Business Data Vault: Business-key alignment, wherein one Hub is a parent of N Satellite tables, each of which may originate from one or more source tables within one or more data sources. I think that Hultgren defines it like this. Also thought Super Charge and Business SuperModel did, but it’s been awhile.

LikeLike

Reply
1. Kent Graziano says:
  
  June 4, 2015 at 4:11 am
  
  Sounds like you are talking about a raw data vault then (if this is where the data first lands from the source). A Business Data Vault is an extension using standard DV objects but some of the data may be transformed according to soft business rules so that all downstream marts get a consistent answer (as opposed to trying to apply the business rules transformations on the way into each mart.)
  
  LikeLike
  
  Reply
DecisionLab says:

June 7, 2015 at 5:10 am

Well, you are the author, Kent. Would you please remind me where in the books (“Super Charge…”? Or is it “New Business Super Model”), that I will find the explanation for these “…transforms according to soft business rules”? I may be using, or mis-using, Hans Hultgren’s definition.

LikeLike

Reply
1. Kent Graziano says:
  
  June 7, 2015 at 1:54 pm
  
  In the Super Charge book it was just called Data Vault. Dan later wrote a white paper about the BDV. Looks like a DV but has business rules applied to the raw vault data to simplify feeding downstream marts. So you only apply the transformations once for all. With giving that its own name we then had to start referring to the original as a “raw” DV. The definition you gave above is the classic definition if what I referred to as raw DV.
  
  LikeLike
  
  Reply
  1. DecisionLab says:
    
    June 7, 2015 at 4:20 pm
    
    On danlistedt.com, I see (and will now read) the 2010–4-08 entry for ‘Data Vault and Business Data Vault Mixed Together’, but that is not likely what you are referring to. Would you mind sending me a link to it or tell me how I can otherwise access it?
    
    LikeLike
  2. Kent Graziano says:
    
    June 7, 2015 at 4:26 pm
    
    I will see if I can find it. I am sure I have a copy somewhere.
    
    LikeLike
2. Kent Graziano says:
  
  June 9, 2015 at 8:26 pm
  
  Found it in Super Charge – there is a section starting on page 21 that describes the Business Data Vault.
  
  There is also a more detailed white paper as I mentioned. Trying to track that down for you. It may have been part of a package on LearnDataVault.
  
  LikeLike
  
  Reply
Daniel says:

June 10, 2015 at 12:36 am

Thank you, Kent. Just read the Super Charge section you mentioned, plus it’s description of BDV. I’ve also found blogs by Dan, Ron Damhoff, Hans Hultren and Martijn Evers, which I will plow through asap.

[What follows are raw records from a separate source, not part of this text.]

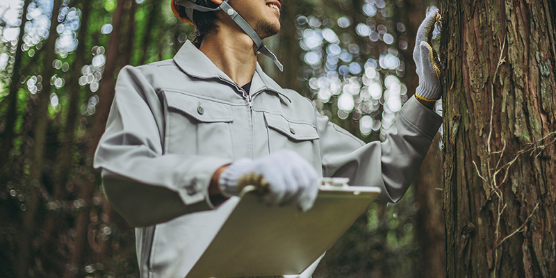 林業は、苗木を植え育て、育成した樹木を伐採して収穫し売る産業です。木を収穫した後には、再度苗木を植え新しい木を育てます。収穫を迎える50~60年間、大切に世話をします。この一連の作業を林業従事者が行います。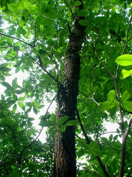 こちらの細いハルニレには下の方にヒラタクワガタ♂の姿。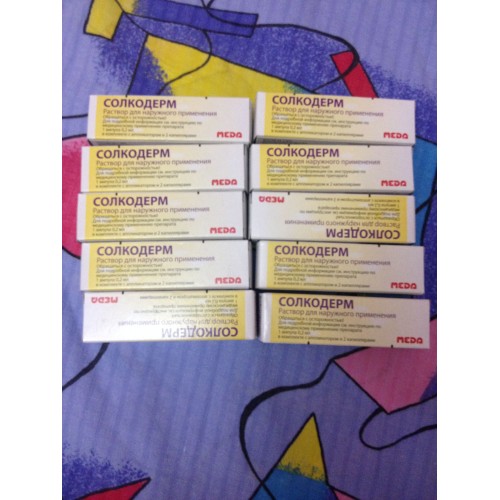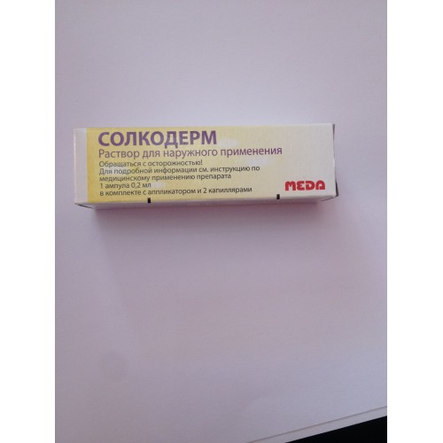 Pharmacological properties: combined preparation for external use only. After applying to the affected area gets into the treated tissue and after 1-2 min causes a change in its color, which reflects the in vivo fixation of tissues treated area. In what is mummification of pathological tissue, dark crust and a few days alone eliminated. Healing occurs quickly. Complications (in the form of a secondary infection or scarring) are rare. Development of systemic effects unlikely. Indications: Local treatment of superficial benign skin lesions, including common and plantar warts, genital warts, seborrheic keratosis, nevus (with confirmed benign process). APPLICATION: treatment should be a doctor or trained medical personnel. Due to instability of p-pa in an open vial for each application you must use a new vial. Open vial can be fixed in a special recess in the package. Before the procedure affected skin is treated with alcohol or ether. Solcoderm applied directly to exposed skin. For applying the product in each package is the applicator with a sharp and blunt ends and a glass tube. The sharp end of the applicator is designed to handle minor injuries in the area, the blunt end is designed to handle large and / or cornified lesions. With the glass tube can handle the surface area of 4-5 cm2. Adults and children Solcoderm carefully applied to the affected area with applicator or glass tube, and then penetrating the plastic applicator to complete absorption of p-pa. Over the next 3-5 minutes to draw attention to the appearance of grayish or yellowish color of treated skin. If necessary, the procedure should be repeated until the specified color. Affected area near the eyes and mucous membranes should be handled with extreme caution. When processing keratinized warts of the stratum corneum can be removed first. Neoplasms with a diameter of 10 mm was treated Solcoderm only if struck by a top layer of skin. With multiple lesions treated drug should be carried out in several stages with an interval of about 4 weeks. During one session can be processed 04.05 skin lesions with a total area no more than 4-5 cm2. Within a few days after treatment the affected area is covered mummified dark brown crust. When poor mummification process can be repeated several days later. CONTRAINDICATIONS: malignant skin tumors prone to metastasis (melanoma), freckles, keloid scars. SIDE EFFECTS: The feeling of light short local burning. With severe reactions in the adjacent areas of skin can be applied a cream containing corticosteroids or ointment containing anesthetics. In the case of treatment of deep skin lesions after cauterization of the drug may remain depigmented spots or scars. SPECIAL INSTRUCTIONS: for the normal flow of the process of mummification neoplasm, which occurred at Solcoderm should be handled in 70% alcohol, especially after a bath / shower. Eschar can not be removed, it should disappear on their own. Until complete healing should avoid direct exposure to sunlight and UV irradiation. If the product enters the mucous membranes or healthy skin it is necessary to quickly rinse with plenty of water or 1% p-rum sodium bicarbonate. When surgical removal of the affected area of skin prior to application Solcoderm, treatment should begin no earlier than 8-10 days. Patients with a tendency toward the formation of rough scars appoint Solcoderm should not be. Treatment Solcoderm during pregnancy is carried out only in cases where the benefits to the mother outweigh the risks to the fetus. Before you throw away the used vial, the remnants of a p-pa should be washed off with running water. INTERACTION: not described. OVERDOSE: ulcer formed in overdose, is subject to the standard local treatment. Storage conditions: temperature 8-20 ° C.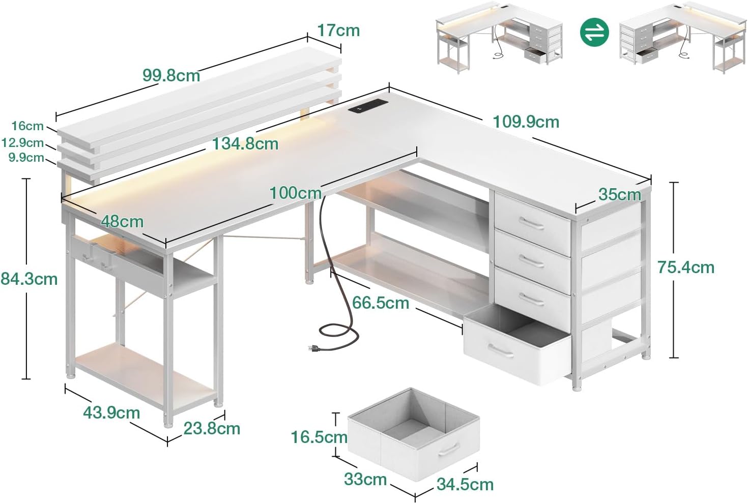 【Reversible L-Shaped Corner Desk】 The l shaped desk fits perfectly in all corners of your room, and it makes the most of limited space. The classic color scheme will match well with your bedroom, living room, office, workstation, dormitory, game room, children’s room and is also a good gift choice.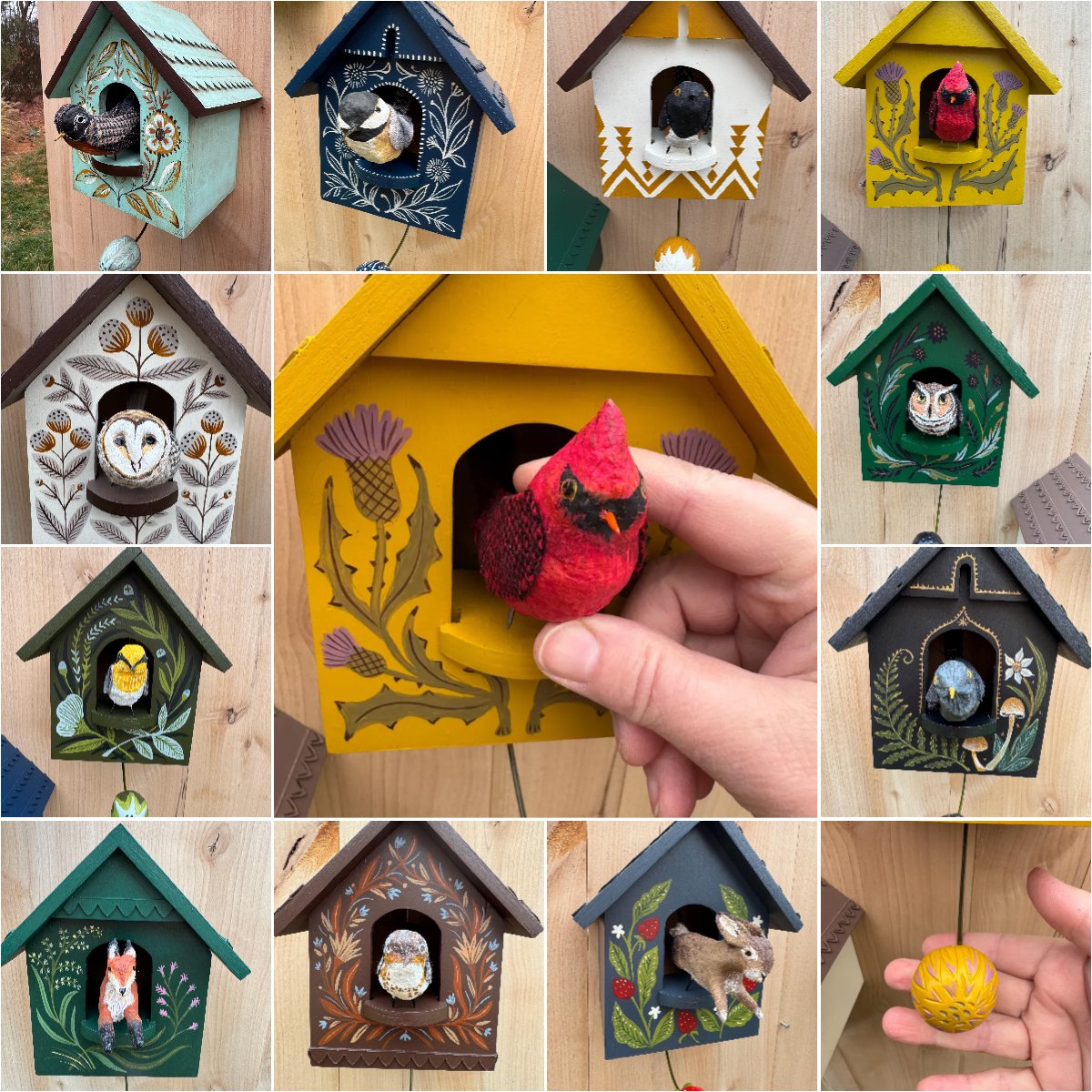 1*Whimsical Kinetic Art Birdhouse Wall Decor

…and right you are. I was referring to Raw Vault (but mistakenly calling it Business Vault), with business-key-aligned Hubs. Previously, I had taken the term Raw Vault to indicate a Vault without cross-source-system business-key-alignment in Hubs (wherein each Hub-Satellite set/ensemble can only be sourced from a single source table). Herein, I’ll just refer to that as …a mess.

LikeLike

Reply
1. Kent Graziano says:
  
  June 10, 2015 at 12:50 am
  
  That makes more sense. We now call that a “source system” vault – highly discouraged. Usually happens when the source has all surrogate keys and the architect is in too much of a hurry to figure out the business keys. So, yes, a mess. Basically you end up with a persistent source stage area that just looks like a data vault.
  
  Glad we cleared that up.
  
  LikeLiked by 1 person
  
  Reply
dlinstedt says:

June 10, 2015 at 2:21 pm

Guys, sorry I’m late to the conversation – here’s my two cents for what it’s worth…

Source System Vault – a Data Vault Model 1:1 with A SINGLE Source system. Lacking any and all integration by business key, highly discouraged – as there is no reason to “restructure data” from the source, just to land it in a Vault Model.

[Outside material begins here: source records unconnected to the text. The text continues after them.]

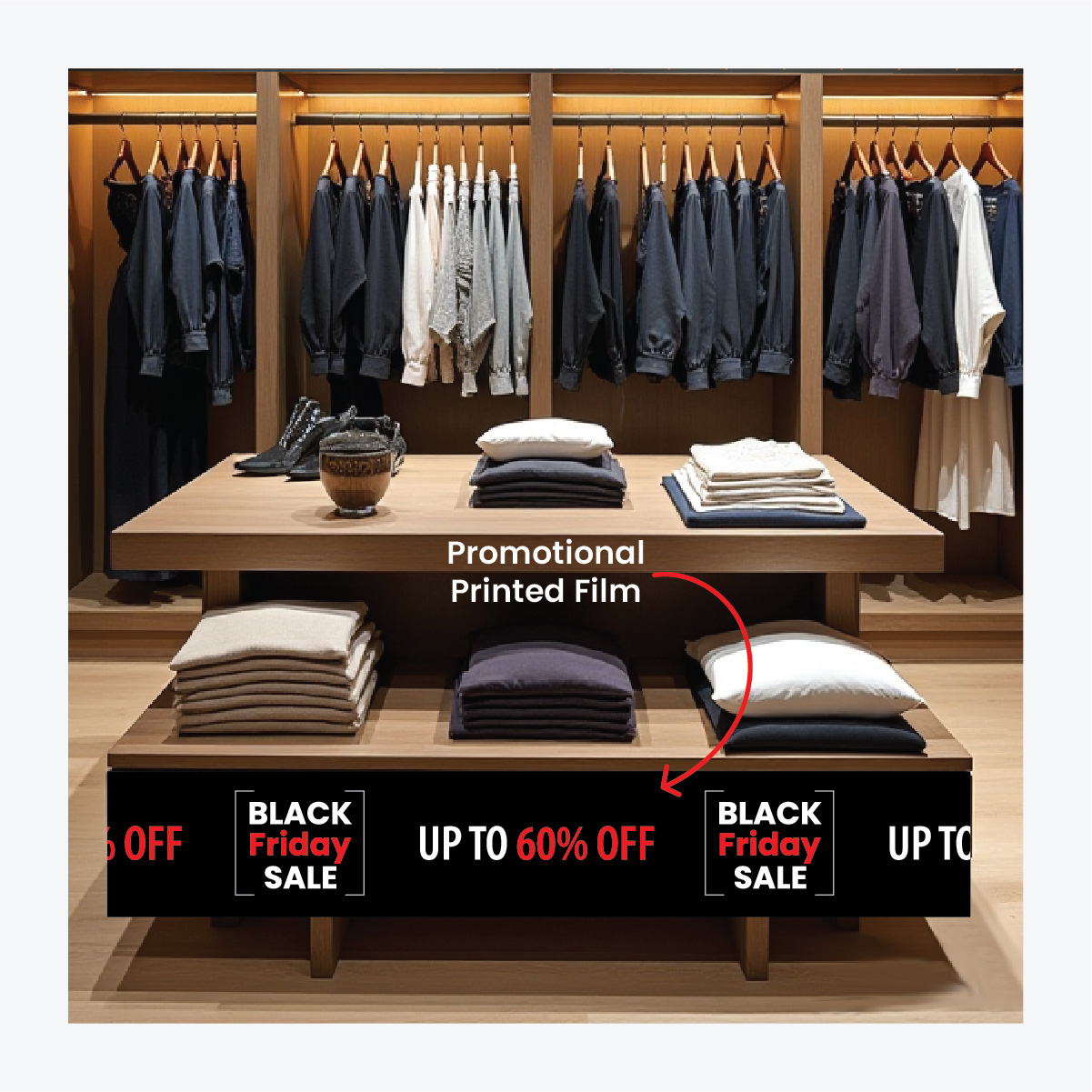 Add colour, movement, and branding to your store or event with our custom promotional printed film. Perfect for retail displays, product launches, in-store promotions, or outdoor events, our film is an easy and affordable way to grab attention and enhance your brand visibility.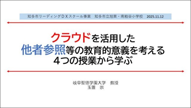15時10分から16時20分まで講演。演題は「クラウドを活用した他者参照等の教育的意義を考える 4つの授業から学ぶ」。始めに次期学習指導要領を視野に入れて「デジタル学習基盤」について説明し、知多市の整備状況のよさを確認。自立した学習者を育てる意義、ICT活用における全国的な問題点をもとに4つの授業での活用は申し分ないことを押さえる。思考の追随を紹介後に4つの授業動画を基に授業者とやりとりしながら、皆さんと共有化。最後は教師はファシリテーターであるべきを示す動画を見せて終了。ちなみにファシリテーターとは「会議や議論、ワークショップなどで、中立的な立場から議論を円滑に進め、参加者の意見を活性化させ、合意形成を支援する人。単なる司会進行役とは異なり、参加者の心情を汲み取りながら、話し合いをより良いゴールへ導くために深く関与する」。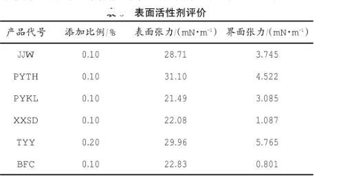 在減阻水中加入表面活性劑的主要目的是減小表面張力,降低返排壓裂液需要克服的地層喉道毛管力,從而促進壓裂液返排。對于致密頁巖氣藏,壓裂液的滯留會對儲層造成嚴重的水相圈閉損害,使得表面活性劑的作用更為重要。對表面活性劑6個樣品進行了性能評價,評價方法是利用K-100張力測量儀測定不同濃度表面活性劑溶液的表面張力,測定結果(見表2)。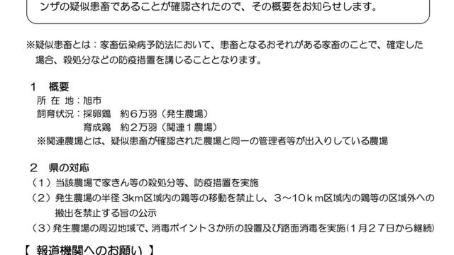 2026年1月26日、県内のうずら農場において、高病原性鳥インフルエンザが疑われる事例が発生したと報告を受けました。現段階では高病原性鳥インフルエンザが確定したわけではなく、現在、詳細な遺伝子検査を実施し、高病原性鳥インフルエンザの疑似患畜かどうか確認中という状況です。疑似患畜とは、家畜伝染病予防法において、患畜となるおそれがある家畜のことをいい、確定した場合、殺処分などの防疫措置を講じることとなります。これまでの経緯としては、1月26日の朝、旭市の農場主から東部家畜保健衛生所へ、死亡羽数増加の通報があり、東部家畜保健衛生所職員が農場へ立ち入り調査し、確認のため農場で簡易検査を実施したところ、簡易検査の結果が陽性と判明しました。飼養状況としては、うずら約10.8万羽を飼養しているということです。今後の千葉県の対応としては、疑似患畜と確定した場合、明日の朝から必要な対応を実施していくということです。なお、日本では、これまで家きん肉及び家きん卵を食べることにより、鳥インフルエンザウイルスが人に感染した事例は報告されていないということです。

Raw Data Vault or “Data Vault” as I have defined it so many times… a Data Vault Model, with Raw Data – purpose built to be integrated by Business Keys. Business Keys are THE tie to business processes, containing same grain, and same semantic definition across the organization / company (horizontal definitions). They tie directly to the Business Glossary. The rest, as they say – is taught in my DV2 boot camp class. It is also offered clearly in my new book (pre-order on Amazon) Building a Scalable Data Warehouse with Data Vault 2.0.

** I take exception to any other definition offered by any other author around the world. Unfortunately, I have to tow the party line here, as I have seen too many “deviations” of my definitions end up “failing” in the hands of the business **

Business Data Vault – again as I have defined it in the Super Charge Your Data Warehouse book, also available on Amazon, and again in Data Architecture: A Primer for the Data Scientist which I co-authored with Bill Inmon. The BDV is more Data Vault structures, however at a higher level of grain (focused on master data, consolidation, coalesced information, merged, aggregated, and altered information). It meets the business needs, and houses Post-Soft-Rule processed data.

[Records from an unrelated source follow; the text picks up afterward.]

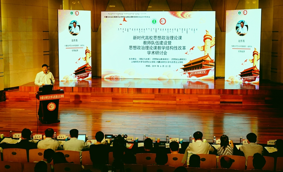6月22日上午,《马克思主义理论学科研究》、《理论与改革》和《思想政治教育研究》期刊与我校350vip浦京集团官网联合举办"内蒙古自治区高教学会思想政治理论课教学研究分会2019年年会暨新时代高校思想政治理论课教师队伍建设暨思想政治理论课教学机构性改革学术研讨会”在逸夫楼音乐厅召开。内蒙古自治区高教学会秘书长董广斌出席开幕式,350vip浦京集团官网院长李春晖主持开幕式。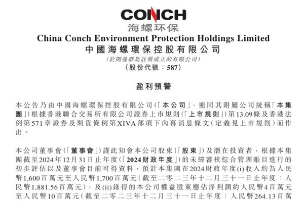 2025年02月18日,中国海螺环保控股有限公司发布《盈利预警》。图源:海螺环保公告 公告称,预计该集团在2024财政年度收入约为人民币16亿元至17亿元(2023年度:约18.82亿元),及取得的公司权益股东应占净利润约人民币400万元至1000万元(2023年度:约2.64亿元)。 董事会认为该预期下降乃主要由于:面对危废处置...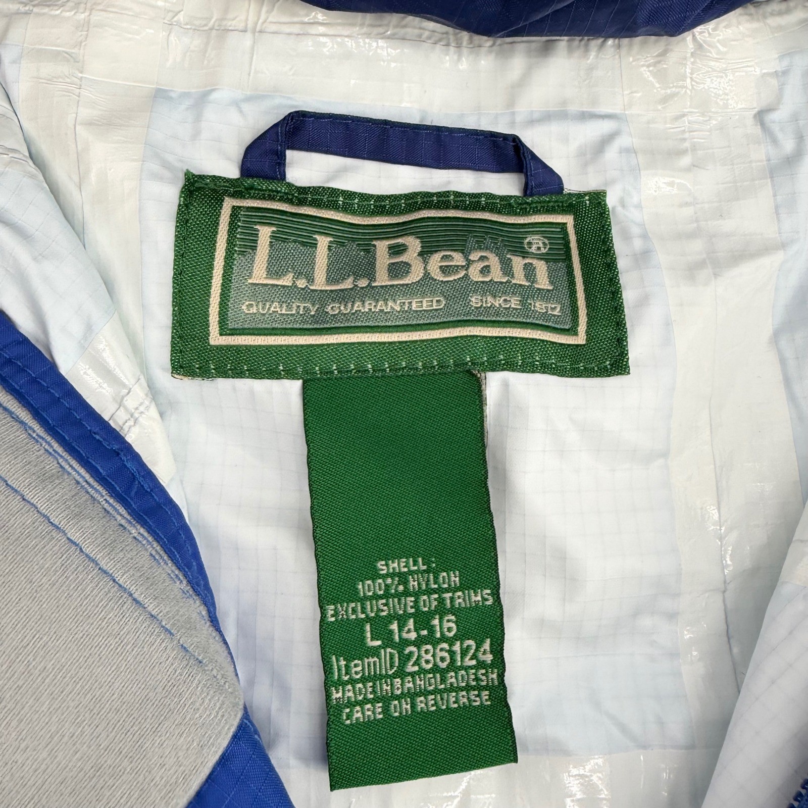 как выглядит LL Bean Kids Blue Ripstop Rain Jacket Hooded Reflective Shell L 14-16 фото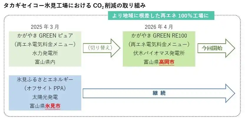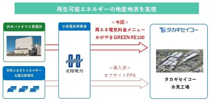 タカギセイコー氷見工場では、2025年3月より、氷見ふるさとエネルギー株式会社(以下、「氷見ふるさとエネルギー」)の太陽光発電所の電力をオフサイトPPAで調達し、あわせて北陸電力の再エネ電気料金メニューである「かがやきGREEN ピュア」を導入することで、すでに再エネ100%を実現しています。今回、利用する再エネ電気料金メニューを「かがやきGREEN RE100」に切り替え、高岡市に所在する伏木バイオマス発電所由来の環境価値を活用することで、より地域に根差した再エネ100%の工場へと進化します。 |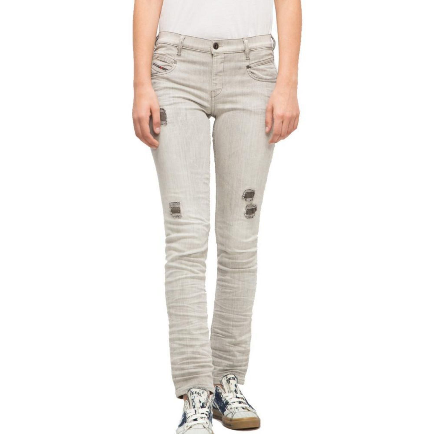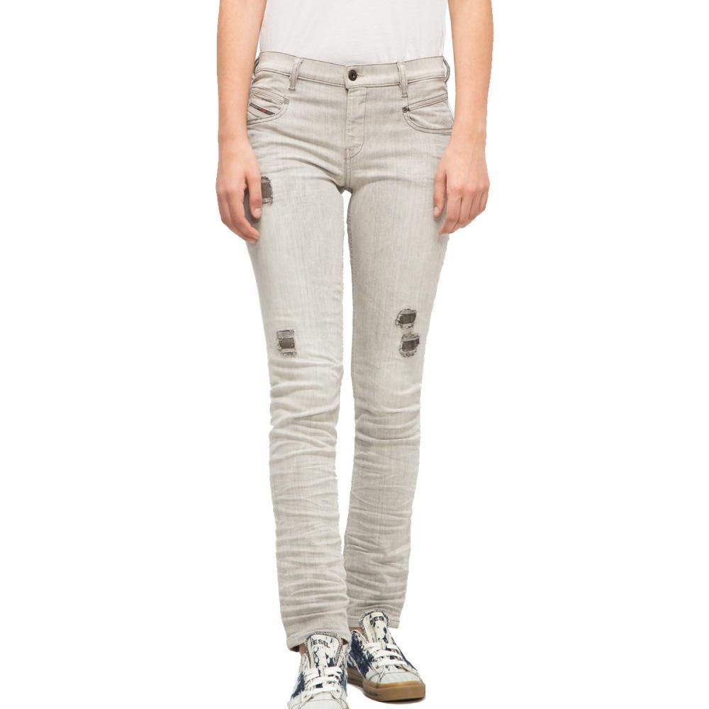 Optez pour le jean pour femme de la marque DIESEL.Coloris : GrisCoupe : Slim Passants pour ceinture5 pochesDéchirures sur les jambes Composition : 98% coton et 2% élasthanneAttention, il s'agit de tailles US

Now: Soft & Hard business rules I’ve only ever published in my class: Data Vault 2.0 Boot Camp, and I’ve not released the article / PDF / white paper that Kent made reference to.

Hard Rules: any “rule” that does not change the grain or the content of the data. Examples of this include: Restructuring, Normalization, Denormalization (with appropriate key retention), Assigning Load Dates, Hash Keys, Sequences, Record Sources, and Populating NULL business keys with Service Level Agreement based values. Generally, low propensity to change, and low complexity, can be done in a pass-through process.

Soft Rules: any “rule” that the business owns, but more than that, any rule that changes grain or content OR CONTEXT (interpretation) of the data set. Basically everything else that a hard-rule ISN’T.

Yes, there is a gray line between the two – especially when Super-Typing and type-coding As John Giles has suggested. Yes, there is a slippery slope problem here, that architects need to be careful of not to get on to. Yes, John Giles approach has merritt – but if you read closely, you’ll also soon realize that his approach is followed / coupled with a set of standards and rules that dictate WHEN TO supertype and when NOT TO supertype, it’s why I like the approach.

No, his approach is not standard, and will not work for all clients. Yes, his approach is considered an Advanced Technique, to be applied by someone who really truly understands the nature of super-typing without OVERLOADING fields. There-in lies the rub.

Hope this helps clear the air.
Dan Linstedt
http://KeyLDV.com – Boot Camp Class for DV2 coming on-line soon!

LikeLike

Reply
dlinstedt says:

June 10, 2015 at 2:23 pm

Guys, sorry I’m late to the conversation – here’s my two cents for what it’s worth…

Source System Vault – a Data Vault Model 1:1 with A SINGLE Source system. Lacking any and all integration by business key, highly discouraged – as there is no reason to “restructure data” from the source, just to land it in a Vault Model.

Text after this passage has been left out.